Texas Instruments WiLink wl12xx and wl18xx Wi-Fi chipsets
Shared core code for Texas Instruments' WiLink family of Wi-Fi chips, covering the wl12xx generation and the WiLink 8 wl18xx generation used in modules like the WL1807MOD and WL1837MOD. Since the early 2010s these parts have appeared in smartphones, tablets, single-board computers such as the BeagleBone, and many industrial embedded devices needing Wi-Fi and Bluetooth.
recommendation
It should stay in the kernel because the underlying hardware is still being sold new: TI continues to list the WL1807MOD and WL1837MOD WiLink 8 modules as active and orderable into 2025/2026, and the code is still receiving real maintenance, including stable-tree backports as recently as April 2026. Day-to-day use is now mostly in embedded and industrial gear rather than consumer laptops, but that is exactly the audience TI keeps these modules around for.
repository signals
sources
- lore.kernel.org
Recent wlcore fix mail on the stable lists in April 2026 shows the driver is still receiving real upstream maintenance/backports.
- ti.com
TI lists WL1807MOD as ACTIVE and orderable, indicating wlcore-supported hardware was still sold new in 2025/2026.
- ti.com
TI lists WL1837MOD as ACTIVE and orderable; this is a current industrial WiLink 8 module with Linux support, supporting continued embedded deployments.

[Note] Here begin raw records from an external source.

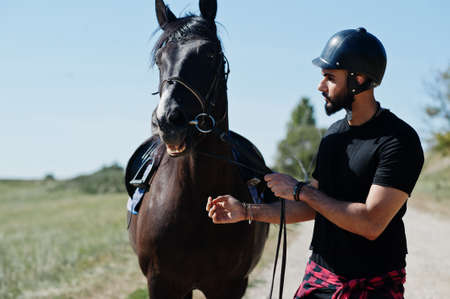 Arab tall beard man wear in black helmet, ride arabian horse.
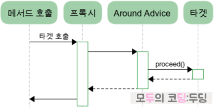 - @Around advice 내에서 target 메서드를 호출하기 위해서 이제까지와 달리 JoinPoint를 상속받은 ProceedingJoinPoint를 파라미터로 갖는다.
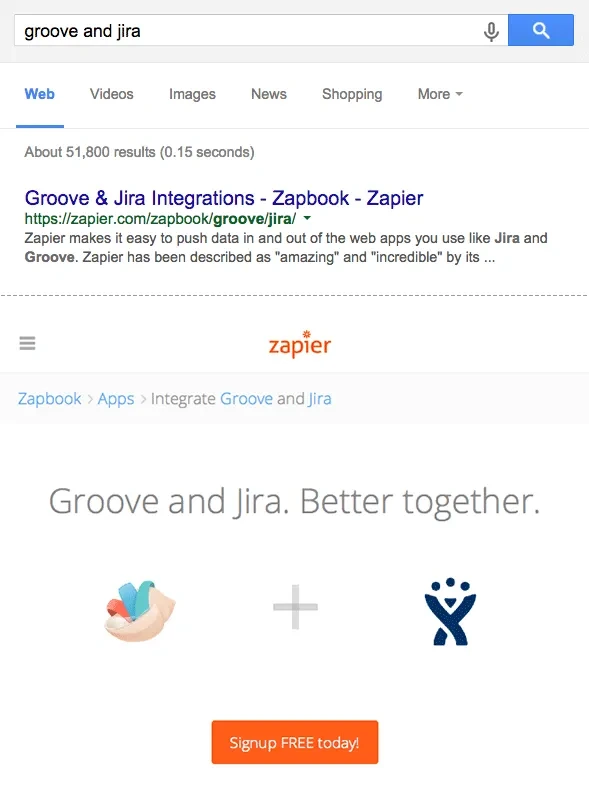 검색이 잘 되는 콘텐츠를 만들어서 초기 고객을 빠르게 끌어 모았던 서비스 중에는 Zapier가 있습니다.
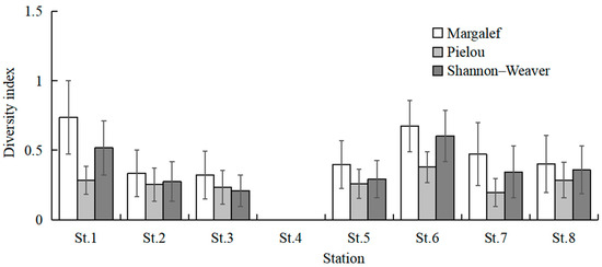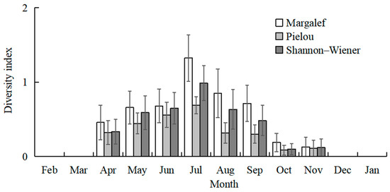 Temporal variations in mean values of Margalef’s richness index, Shannon–Wiener’s diversity index (H′), and Pielou’s evenness index (J). Whiskers represent standard errors.
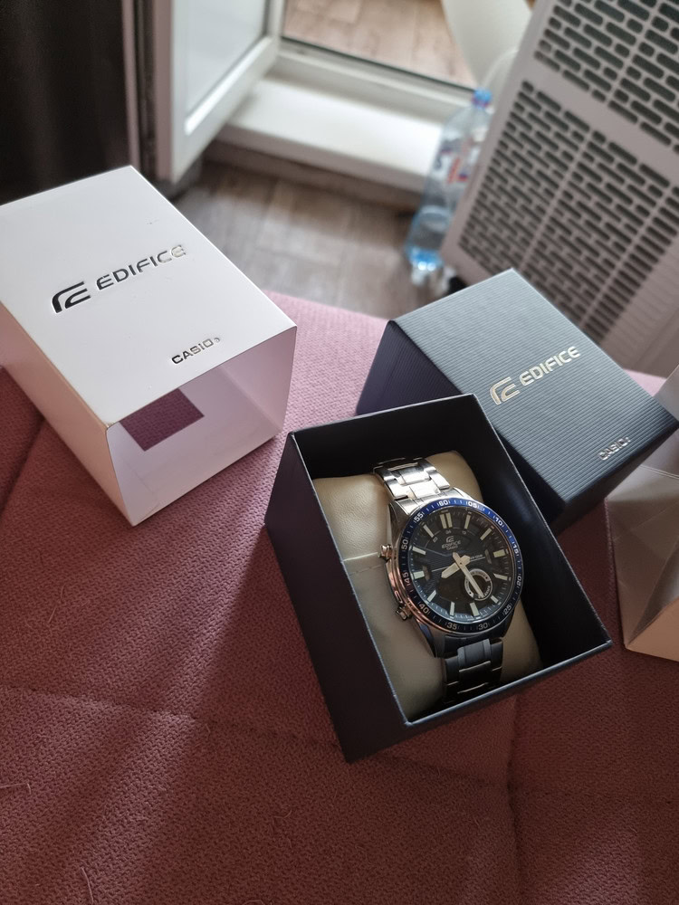 Часы оригинальные, кто пишет что не оригинальные видимо не разбираются либо конкуренты, доставка быстрая, цена сладкая, рекомендую. Продавец даже настроил их перед отправкой, мелочь но приятно, правда пришлось перестраивать, часовой пояс другой)) . В магазине где укорачивали ремешок подумали что мы приобрели их в ихней сети, это к вопросу о оригинальности! В общем часы хорошие, будем сотрудничать дальше, надеюсь в дальнейшем всё будет также отлично, спасибо продавцу большое!
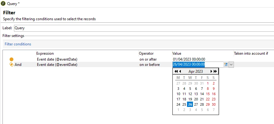 If you are trying to extract data in a workflow, then you can create query condition as below,
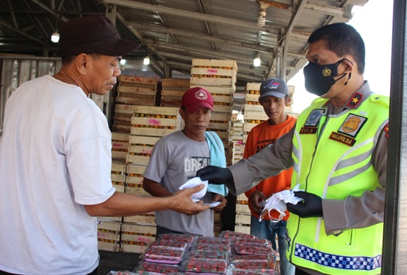 “Ayo selalu pakai masker ya. Dengan menggunakan masker, akan terlindungi dari penularan Covid-19. Maskermu melindungi aku dan maskerku melindungi kamu,” kata Ery Nursatari saat berdialog dengan para pedagang di Pasar.
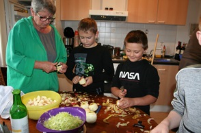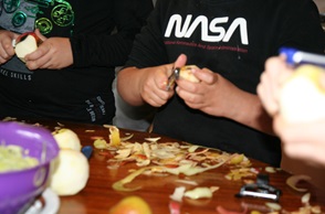 Am folgenden Tag erfuhren die Kinder einiges über die vielfältigen Möglichkeiten, wie Kartoffeln verwertet werden können. Es wurde mit vereinten Kräften und vielen fleißigen kleinen Händen gewaschen, geschält, gerieben und gepellt. Dass man Kartoffelchips selbst herstellen kann, war für einige Kinder eine völlig neue Erfahrung. „Die selbst hergestellten Gerichte, wie Püree, Chips, Bratkartoffeln und Kartoffelpuffer, schmecken einfach am besten“, war die erstaunliche Erkenntnis eines Teilnehmers.

codex reasoning notes (technical)
Local shell inspection of wlcore/Kconfig identified this as the common TI WLAN core for multiple chip families; in-tree references show wl12xx and wl18xx integration. lore_file_timeline on drivers/net/wireless/ti/wlcore/main.c showed activity from 2021-05-19 through 2026-04-18 with many touches, and yielded the cited stable patch URL (tool: lore_file_timeline). TI WL1807MOD/WL1837MOD product pages were obtained via web.search_query and both show ACTIVE/orderable status, so the hardware is not purely legacy. Removal-discussion checking was attempted with lore_regex (timed out) and lei (sandbox daemon socket blocked), so the recommendation leans primarily on strong maintenance plus active product evidence; current deployments look embedded/industrial rather than mass-market, hence low rather than medium/high.